# Ogres or trolls?



## Firewolf (Jan 22, 2007)

>> What should I use? I like the idea of the trolls just for a fun, if slightly frustrating unit. Ogres, i have used before, were ok. Opinions please.:shok:


----------



## Typhos (Apr 25, 2013)

Play orks and gobbos so you can play trolls as well!


----------



## Barnster (Feb 11, 2010)

Whats the question?

I'm guessing you are a WoC player and can chose between them.

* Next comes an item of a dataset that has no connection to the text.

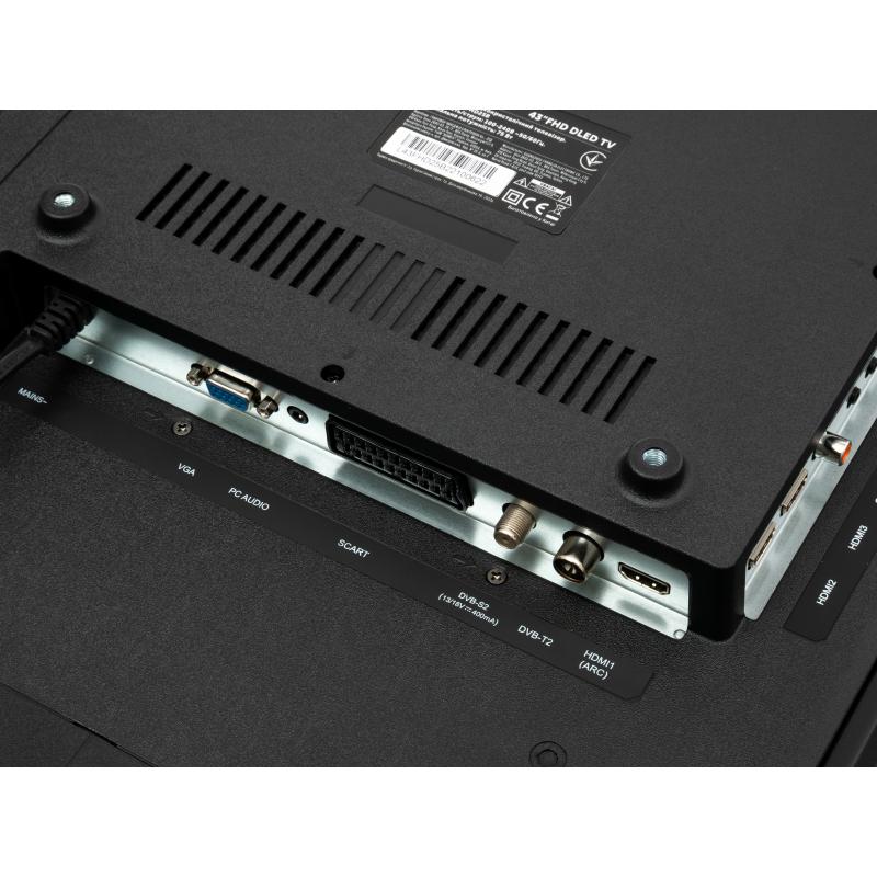 Наличие 3 HDMI портов позволяет превратить телевизор Vinga L43FHD25B в домашний медиацентр. К нему можно подключить игровую консоль и медиаплеер, что компенсирует отсутствие встроенной функции Smart TV.

Honestly unless you take throgg then take ogres. If you take throgg take trolls

Trolls are far better but their stupidity and painfully low leadership means they have to be baby sat by a character. This is ok for O&G as they can get a very cheap gobbo on wolf to baby sit them. Chaos can't afford to do that as their heroes are too pricey


----------



## Firewolf (Jan 22, 2007)

>> Aye, sorry I do play warriors. My idea for trolls was to use them as a speedbump/pincushion that I can put infront of my lord/bsb's unit while they trudge across the table. As said, they are a unit I always fancied using, but huvnae tried them yet. Ogres on the other hand, I usually use them as a flank protector backed up by a gorebeast.


----------



## Dave T Hobbit (Dec 3, 2009)

I usually run my WoC with a Sorcerer on horse as General so do not mind babysitting because I do not want him in combat anyway.

Trolls are more fun, but are really random sometimes so are not a reliable unit without Throgg.


----------